**Information provided**:
• • •
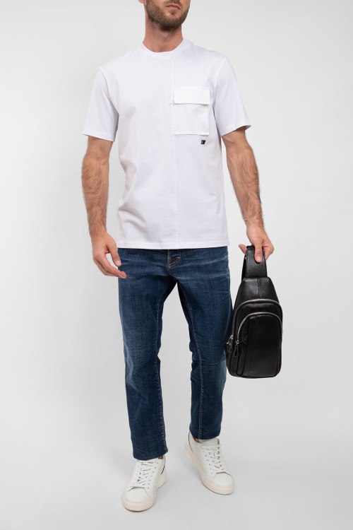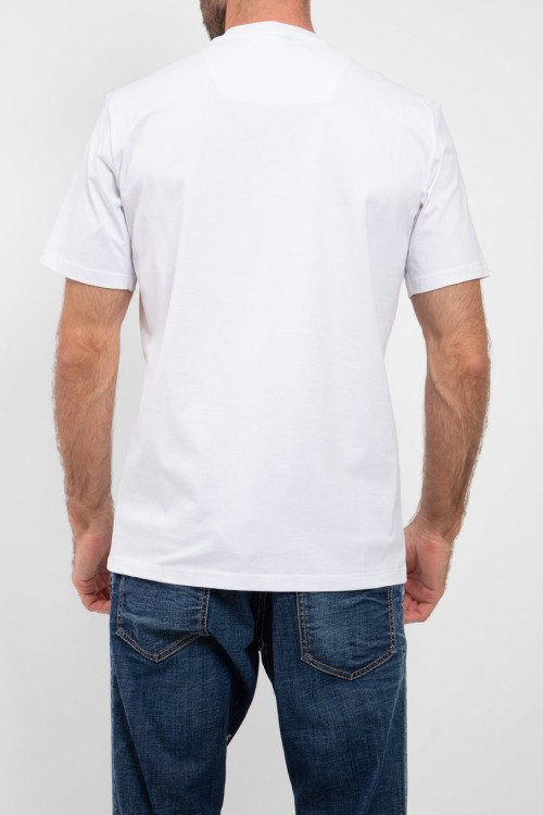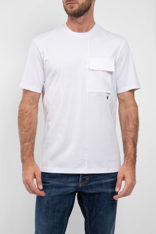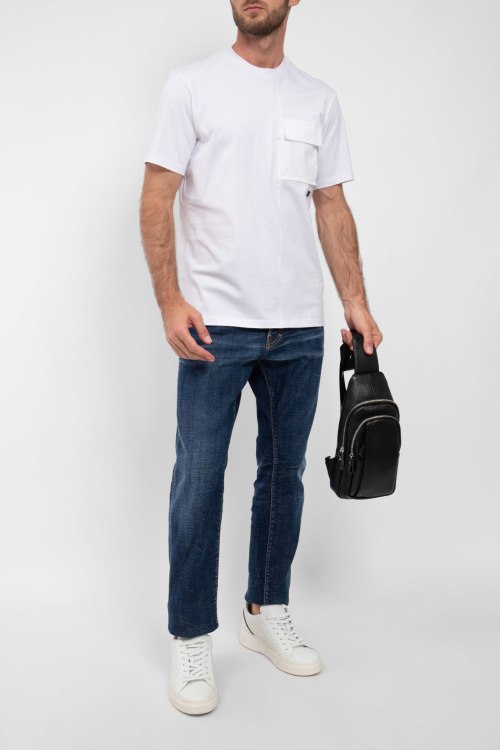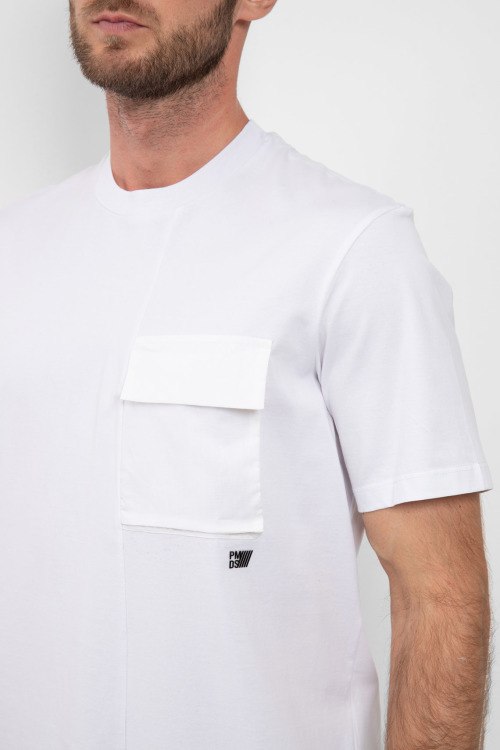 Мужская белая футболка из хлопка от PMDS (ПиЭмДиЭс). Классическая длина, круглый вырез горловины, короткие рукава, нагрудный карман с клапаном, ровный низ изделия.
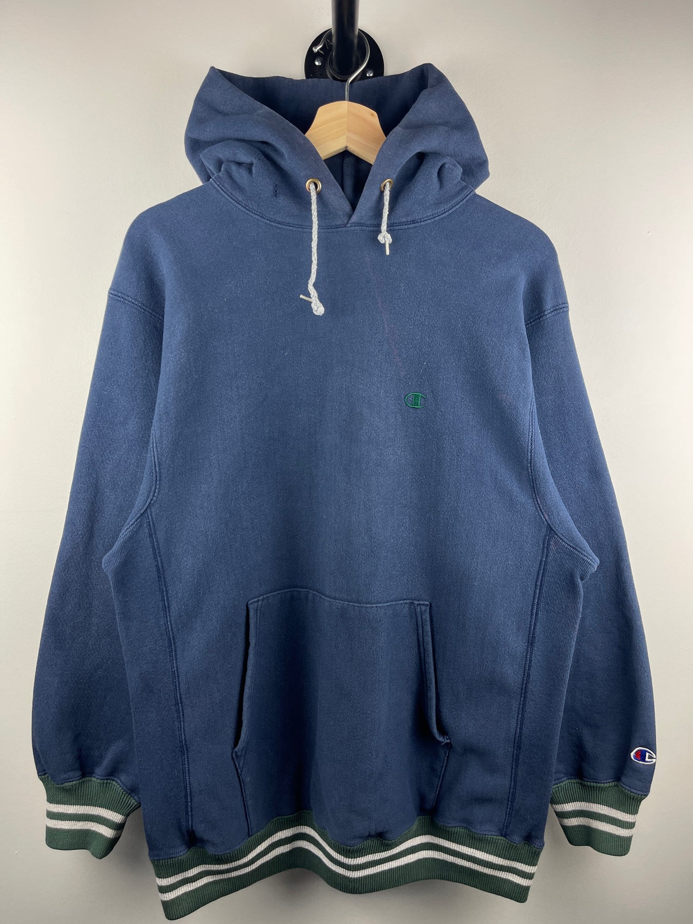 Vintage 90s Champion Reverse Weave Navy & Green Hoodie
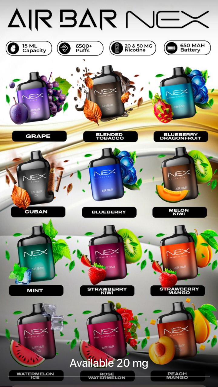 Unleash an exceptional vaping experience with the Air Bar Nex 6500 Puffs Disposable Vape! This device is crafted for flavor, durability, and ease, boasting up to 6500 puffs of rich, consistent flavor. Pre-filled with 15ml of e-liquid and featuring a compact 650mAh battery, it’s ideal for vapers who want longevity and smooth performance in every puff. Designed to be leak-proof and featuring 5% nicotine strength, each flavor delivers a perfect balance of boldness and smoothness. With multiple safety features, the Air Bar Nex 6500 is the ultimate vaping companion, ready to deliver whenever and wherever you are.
• • •
**Work instructions**: Repeat verbatim the lines between the start of the data and the line containing "Vintage 90s Champion", both ends included, omitting all pictures.

**Expected answer**:
 Мужская белая футболка из хлопка от PMDS (ПиЭмДиЭс). Классическая длина, круглый вырез горловины, короткие рукава, нагрудный карман с клапаном, ровный низ изделия.
 Vintage 90s Champion Reverse Weave Navy & Green Hoodie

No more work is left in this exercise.